Saved data entries
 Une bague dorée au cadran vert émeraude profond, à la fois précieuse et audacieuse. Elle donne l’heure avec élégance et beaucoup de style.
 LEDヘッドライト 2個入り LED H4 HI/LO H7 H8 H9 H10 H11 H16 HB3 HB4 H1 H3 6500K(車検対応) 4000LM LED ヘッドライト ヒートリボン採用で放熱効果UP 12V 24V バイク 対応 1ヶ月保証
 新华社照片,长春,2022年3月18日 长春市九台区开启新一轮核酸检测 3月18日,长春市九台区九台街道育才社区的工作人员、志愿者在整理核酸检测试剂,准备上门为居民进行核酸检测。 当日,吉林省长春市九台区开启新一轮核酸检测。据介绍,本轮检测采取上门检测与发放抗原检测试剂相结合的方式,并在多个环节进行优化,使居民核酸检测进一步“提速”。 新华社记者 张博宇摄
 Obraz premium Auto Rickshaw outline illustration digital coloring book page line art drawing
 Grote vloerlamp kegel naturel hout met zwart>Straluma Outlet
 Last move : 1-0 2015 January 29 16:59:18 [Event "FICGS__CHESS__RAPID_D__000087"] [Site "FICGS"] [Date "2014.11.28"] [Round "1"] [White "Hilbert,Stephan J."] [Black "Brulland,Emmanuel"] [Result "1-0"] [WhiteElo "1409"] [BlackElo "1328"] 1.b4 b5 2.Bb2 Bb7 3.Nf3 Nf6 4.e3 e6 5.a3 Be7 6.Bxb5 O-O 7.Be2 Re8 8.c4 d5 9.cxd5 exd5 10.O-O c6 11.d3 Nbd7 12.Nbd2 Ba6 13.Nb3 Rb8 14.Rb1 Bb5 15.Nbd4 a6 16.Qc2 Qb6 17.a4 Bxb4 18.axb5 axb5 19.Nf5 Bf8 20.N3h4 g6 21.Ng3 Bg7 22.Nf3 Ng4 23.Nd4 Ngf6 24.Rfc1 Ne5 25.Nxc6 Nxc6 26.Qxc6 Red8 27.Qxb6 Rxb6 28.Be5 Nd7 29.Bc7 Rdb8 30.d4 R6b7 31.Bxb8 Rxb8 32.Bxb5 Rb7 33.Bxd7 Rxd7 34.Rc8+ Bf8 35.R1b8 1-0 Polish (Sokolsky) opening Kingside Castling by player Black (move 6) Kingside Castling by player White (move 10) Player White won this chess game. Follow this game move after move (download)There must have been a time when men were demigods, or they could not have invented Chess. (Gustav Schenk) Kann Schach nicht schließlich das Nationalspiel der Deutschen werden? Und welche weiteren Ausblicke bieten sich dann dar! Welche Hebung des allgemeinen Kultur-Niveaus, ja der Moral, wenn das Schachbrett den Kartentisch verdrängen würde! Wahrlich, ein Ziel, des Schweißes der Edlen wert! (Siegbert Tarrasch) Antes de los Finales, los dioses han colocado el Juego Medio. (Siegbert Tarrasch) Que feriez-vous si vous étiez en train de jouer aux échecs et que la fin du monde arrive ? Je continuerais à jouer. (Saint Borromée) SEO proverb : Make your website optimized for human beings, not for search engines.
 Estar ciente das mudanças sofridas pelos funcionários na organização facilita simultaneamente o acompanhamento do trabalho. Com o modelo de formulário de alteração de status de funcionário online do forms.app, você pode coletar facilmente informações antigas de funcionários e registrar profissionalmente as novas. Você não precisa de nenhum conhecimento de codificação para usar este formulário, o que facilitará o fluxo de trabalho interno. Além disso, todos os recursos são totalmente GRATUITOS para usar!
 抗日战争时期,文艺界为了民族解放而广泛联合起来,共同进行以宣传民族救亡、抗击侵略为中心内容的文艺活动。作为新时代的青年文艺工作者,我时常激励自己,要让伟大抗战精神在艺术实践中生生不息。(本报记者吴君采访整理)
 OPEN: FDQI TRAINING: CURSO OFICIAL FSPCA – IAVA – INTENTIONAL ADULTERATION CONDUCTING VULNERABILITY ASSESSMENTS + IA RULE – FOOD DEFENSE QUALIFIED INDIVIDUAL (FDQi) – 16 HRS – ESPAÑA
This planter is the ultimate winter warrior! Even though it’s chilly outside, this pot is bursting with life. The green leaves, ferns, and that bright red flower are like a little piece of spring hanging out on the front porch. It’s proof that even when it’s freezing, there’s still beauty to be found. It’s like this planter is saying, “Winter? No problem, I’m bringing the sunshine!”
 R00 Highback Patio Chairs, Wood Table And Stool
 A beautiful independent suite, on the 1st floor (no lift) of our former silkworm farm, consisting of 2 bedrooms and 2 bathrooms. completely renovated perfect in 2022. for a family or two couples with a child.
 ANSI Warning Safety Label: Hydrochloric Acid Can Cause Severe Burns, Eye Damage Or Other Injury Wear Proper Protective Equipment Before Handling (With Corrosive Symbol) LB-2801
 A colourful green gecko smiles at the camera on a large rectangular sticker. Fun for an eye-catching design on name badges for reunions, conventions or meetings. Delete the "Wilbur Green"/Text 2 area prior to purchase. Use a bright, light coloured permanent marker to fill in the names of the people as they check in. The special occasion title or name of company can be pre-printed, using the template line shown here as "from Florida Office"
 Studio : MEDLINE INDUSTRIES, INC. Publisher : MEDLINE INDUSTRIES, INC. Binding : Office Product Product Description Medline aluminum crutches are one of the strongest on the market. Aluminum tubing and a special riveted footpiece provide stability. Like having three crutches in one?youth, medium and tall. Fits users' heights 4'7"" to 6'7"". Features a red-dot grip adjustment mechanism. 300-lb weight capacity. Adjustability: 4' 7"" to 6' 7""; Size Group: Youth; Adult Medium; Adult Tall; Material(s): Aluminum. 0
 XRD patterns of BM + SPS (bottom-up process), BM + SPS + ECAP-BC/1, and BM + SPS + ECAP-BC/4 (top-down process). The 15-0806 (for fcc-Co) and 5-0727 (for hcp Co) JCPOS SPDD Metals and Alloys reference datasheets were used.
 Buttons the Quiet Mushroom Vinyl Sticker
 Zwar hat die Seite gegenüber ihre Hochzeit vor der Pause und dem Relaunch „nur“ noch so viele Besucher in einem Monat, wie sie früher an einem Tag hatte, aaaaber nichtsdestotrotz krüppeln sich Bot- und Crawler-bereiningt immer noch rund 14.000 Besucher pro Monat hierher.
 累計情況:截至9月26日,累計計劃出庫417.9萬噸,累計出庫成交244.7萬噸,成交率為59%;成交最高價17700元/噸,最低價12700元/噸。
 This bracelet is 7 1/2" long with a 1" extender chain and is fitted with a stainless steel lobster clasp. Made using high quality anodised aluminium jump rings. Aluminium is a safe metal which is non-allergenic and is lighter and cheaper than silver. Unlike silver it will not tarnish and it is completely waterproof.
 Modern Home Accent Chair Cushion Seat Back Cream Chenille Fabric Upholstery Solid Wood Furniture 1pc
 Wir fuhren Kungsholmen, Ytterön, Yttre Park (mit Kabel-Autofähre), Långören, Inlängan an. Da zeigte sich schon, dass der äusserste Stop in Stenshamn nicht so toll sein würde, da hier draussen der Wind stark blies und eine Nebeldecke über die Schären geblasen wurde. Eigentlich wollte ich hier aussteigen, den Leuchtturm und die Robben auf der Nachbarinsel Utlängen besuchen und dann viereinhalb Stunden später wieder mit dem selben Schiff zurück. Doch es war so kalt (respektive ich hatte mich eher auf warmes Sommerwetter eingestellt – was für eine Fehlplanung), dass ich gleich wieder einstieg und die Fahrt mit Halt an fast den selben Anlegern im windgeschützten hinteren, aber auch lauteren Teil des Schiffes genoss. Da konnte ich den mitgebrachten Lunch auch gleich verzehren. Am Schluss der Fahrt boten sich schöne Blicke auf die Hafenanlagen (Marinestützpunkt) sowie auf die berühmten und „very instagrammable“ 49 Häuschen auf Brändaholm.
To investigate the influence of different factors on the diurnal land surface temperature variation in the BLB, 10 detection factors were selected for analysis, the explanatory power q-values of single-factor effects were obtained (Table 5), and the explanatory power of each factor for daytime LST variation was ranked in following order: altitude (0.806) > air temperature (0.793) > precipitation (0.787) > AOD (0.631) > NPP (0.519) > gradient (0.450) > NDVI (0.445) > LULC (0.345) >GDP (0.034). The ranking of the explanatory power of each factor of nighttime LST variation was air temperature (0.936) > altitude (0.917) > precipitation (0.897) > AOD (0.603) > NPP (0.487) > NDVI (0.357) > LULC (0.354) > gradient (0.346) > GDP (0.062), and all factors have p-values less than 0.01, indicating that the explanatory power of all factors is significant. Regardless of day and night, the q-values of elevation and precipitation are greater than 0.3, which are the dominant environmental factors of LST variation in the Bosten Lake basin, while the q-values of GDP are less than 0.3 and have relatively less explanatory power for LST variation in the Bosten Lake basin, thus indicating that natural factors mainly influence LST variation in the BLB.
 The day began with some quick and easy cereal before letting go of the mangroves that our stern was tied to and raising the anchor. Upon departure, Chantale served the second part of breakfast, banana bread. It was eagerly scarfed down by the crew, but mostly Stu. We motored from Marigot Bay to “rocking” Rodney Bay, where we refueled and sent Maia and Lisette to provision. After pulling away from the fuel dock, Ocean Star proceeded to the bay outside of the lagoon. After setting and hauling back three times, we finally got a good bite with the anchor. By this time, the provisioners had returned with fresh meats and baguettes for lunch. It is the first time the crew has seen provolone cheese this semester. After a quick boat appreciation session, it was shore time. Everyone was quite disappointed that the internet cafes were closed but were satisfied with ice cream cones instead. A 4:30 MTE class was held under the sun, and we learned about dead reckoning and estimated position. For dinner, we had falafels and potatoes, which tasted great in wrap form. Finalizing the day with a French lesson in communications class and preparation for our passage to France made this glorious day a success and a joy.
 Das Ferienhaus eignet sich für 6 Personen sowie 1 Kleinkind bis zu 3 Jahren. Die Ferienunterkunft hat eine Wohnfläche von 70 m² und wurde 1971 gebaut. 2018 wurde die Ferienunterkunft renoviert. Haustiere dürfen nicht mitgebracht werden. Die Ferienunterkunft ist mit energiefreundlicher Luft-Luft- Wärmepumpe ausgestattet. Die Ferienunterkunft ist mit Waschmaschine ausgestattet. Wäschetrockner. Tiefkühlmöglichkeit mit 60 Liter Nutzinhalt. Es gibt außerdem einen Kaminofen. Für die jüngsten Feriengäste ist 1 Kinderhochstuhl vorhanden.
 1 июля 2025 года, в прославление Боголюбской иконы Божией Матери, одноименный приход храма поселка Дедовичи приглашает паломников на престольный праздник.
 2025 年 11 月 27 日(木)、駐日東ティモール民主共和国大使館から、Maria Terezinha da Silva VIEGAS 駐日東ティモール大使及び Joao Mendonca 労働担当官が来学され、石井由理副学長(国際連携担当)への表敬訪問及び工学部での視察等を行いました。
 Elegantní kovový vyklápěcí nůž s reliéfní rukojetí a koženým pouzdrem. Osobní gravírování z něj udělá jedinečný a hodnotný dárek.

* _Requirement_:
Write down exactly the span of lines above from the one containing "Buttons the Quiet Mushroom Vinyl Sticker" to the one containing "Wir fuhren Kungsholmen, Ytterön, Yttre", both ends included.

* _Result of the exercise_:
 Buttons the Quiet Mushroom Vinyl Sticker
 Zwar hat die Seite gegenüber ihre Hochzeit vor der Pause und dem Relaunch „nur“ noch so viele Besucher in einem Monat, wie sie früher an einem Tag hatte, aaaaber nichtsdestotrotz krüppeln sich Bot- und Crawler-bereiningt immer noch rund 14.000 Besucher pro Monat hierher.
 累計情況:截至9月26日,累計計劃出庫417.9萬噸,累計出庫成交244.7萬噸,成交率為59%;成交最高價17700元/噸,最低價12700元/噸。
 This bracelet is 7 1/2" long with a 1" extender chain and is fitted with a stainless steel lobster clasp. Made using high quality anodised aluminium jump rings. Aluminium is a safe metal which is non-allergenic and is lighter and cheaper than silver. Unlike silver it will not tarnish and it is completely waterproof.
 Modern Home Accent Chair Cushion Seat Back Cream Chenille Fabric Upholstery Solid Wood Furniture 1pc
 Wir fuhren Kungsholmen, Ytterön, Yttre Park (mit Kabel-Autofähre), Långören, Inlängan an. Da zeigte sich schon, dass der äusserste Stop in Stenshamn nicht so toll sein würde, da hier draussen der Wind stark blies und eine Nebeldecke über die Schären geblasen wurde. Eigentlich wollte ich hier aussteigen, den Leuchtturm und die Robben auf der Nachbarinsel Utlängen besuchen und dann viereinhalb Stunden später wieder mit dem selben Schiff zurück. Doch es war so kalt (respektive ich hatte mich eher auf warmes Sommerwetter eingestellt – was für eine Fehlplanung), dass ich gleich wieder einstieg und die Fahrt mit Halt an fast den selben Anlegern im windgeschützten hinteren, aber auch lauteren Teil des Schiffes genoss. Da konnte ich den mitgebrachten Lunch auch gleich verzehren. Am Schluss der Fahrt boten sich schöne Blicke auf die Hafenanlagen (Marinestützpunkt) sowie auf die berühmten und „very instagrammable“ 49 Häuschen auf Brändaholm.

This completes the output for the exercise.